Thursday, May 17, 2018


UPDATE:  12:57 PM






Could it be that heretofore thought "invulnerable" to electoral defeat Stark County-based Ohio General Assembly delegation Republican members W. Scott Oelslager (running for Ohio House District 48, currently held by Republican J. Kirk Schuring) and Schuring himself (running for Ohio Senate District 29, currently held by W. Scott Oelslager)  will be sucked into what is being described in the media as being  the "ECOT scandal" and suffer the unthinkable?


What does that mean?

Both lose in November, 2018 because of being part of a Republican political culture within the Columbus political beltway that has resulted in Ohio possibly losing $80 million in taxpayer money to an educational "online" entity that was started by the Ohio Legislature in House Bill 770 in its 1997/1998 session?

Like Coingate, the ECOT appears to some to be a "Follow-the-Money" quest.

This quote from a former Republican John Damschroeder (a Voinovich administration official):

In 2005, following the infamous Coingate scandal, Ohio lawmakers ended the sales tax exemption for rare coins but they neglected to close the door on high fee, high risk alternative investments, made possible only because of a change in law pushed by large campaign contributors.
Schuring has been a member of the OGA since January 1, 1995 and Oelslager since February 3, 1985.

And both are largely incommunicado with any who disagree with or would question them about their positions on various legislation, to wit:  (from a SCPR source)
Despite Speaker Schuring dismissing me over ECOT(4 times he refused to talk to me) now, it appears there will be criminal charges. 
What does Schuring have to say about this? Funny, he has yet to return the campaign contributions he took in exchange for trying to block the DOE audit.
Schuring used to always take the SCPR's questions, but hasn't for several years because, of course, The Report "cuts-right-to-the-chase."  Apparently, he cannot handle incisive questioning.

Since term limits (8 consecutive years) have been the law of Ohio, the two have switched back and forth between the 29th and the 48th (and its predecessor district designation) in order to defeat the will of Ohio voters that we get fresh faces in the OGA periodically.

Even though the Stark County "organized" Democratic Party seem to have given Oleslager and Schuring "a pass" (as in many previous election cycles), circumstances might overcome the political weakness/inexperience of the Democratic candidates nominated on May 8th.
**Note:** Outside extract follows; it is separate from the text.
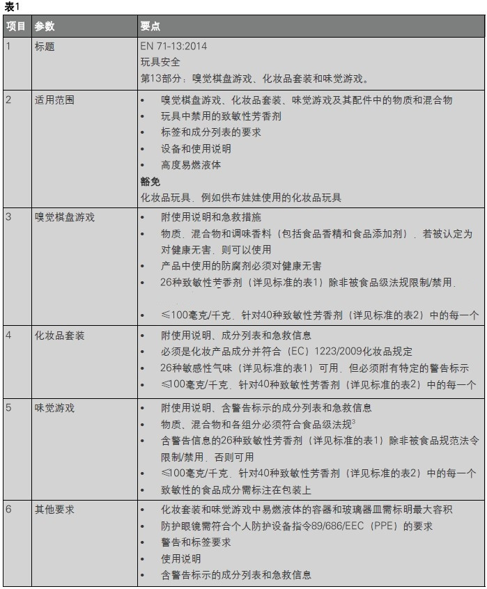 2014326日,CEN發(fā)布了一項全新的玩具安全標準EN71-13:2014,以規(guī)范嗅覺棋盤游戲、化妝品套裝,味覺游戲以及此類游戲或套裝的配件中所用物質(zhì)和混合物的要求。該標準同時還規(guī)定了玩具中禁用的致敏性芳香劑、標簽、成分列表、說明書、活動中將要使用的設(shè)備和高度易燃液體的使用等要求。

This particular blog is an introduction to a multi-volume-series that The Stark County Political Report (SCPR, The Report) is embarking upon which the series will dig deep into the history and progression of support for ECOT on the part of legislators Schuring and Oelslager.

Last evening the SCPR was at North Canton Board of Education's monthly meeting for May in which Superintendent Jeff Wendorf made comments on North Canton's efforts, one district out of the seventeen Stark County school districts, to make inroads on online charter/community school revenue takeaways which across Ohio results in local school districts losing millions upon millions of taxpayer provided dollars to private sector educational entrepreneurs.

North Canton loses about one-half-million dollars ($513,000 last year) per year to the charter/community/online school entreprise provided for by the likes of Schuring and Oelslager and their Republican colleagues in the Ohio Legislature.

Here is a SCPR video on the NC-BOE Digital Learning Center discussion and vote:

It will be interesting to see whether or not the likes of Stark County Democratic Party chairman Phil Giavasis and the party's executive committee will seize what comes to be a prime opportunity to unseat Schuring and Oelslager.

The Report is skeptical that Giavasis et al will do little if anything to defeat Oelslager and Schuring.

Going back many years, there seems to have been a love affair between local elected Democrats who also hold key local party positions and Schuring and Oelslager.

There have been a parade of  48th/29th District candidate "sacrificial lambs" put to "political slaughter" in an act of political appeasement to these seeming fixtures in Stark County governance/politics.

As recent as April 30, 2018, the former Stark County Democratic chairman who is also Jackson Township's elected fiscal officer and appointed economic development director at a meeting with the Stark County commissioners on Jackson "Strip-extended" project was singing the praises of Schuring.

Do not expect Giavasis et al to go all out in support of Friedman (Oelslager) and Wilburn (Schuring).

If one or both pull off an upset, it certainly will be on their own efforts coalescing, perhaps, with a brewing scandal with the Republican supermajority dominated Ohio General Assembly on the ECOT matter.

And they won't be beholden to the likes of politicos Giavasis and Gonzalez.

But will they be sharp enough, politically skilled enough to take advantage?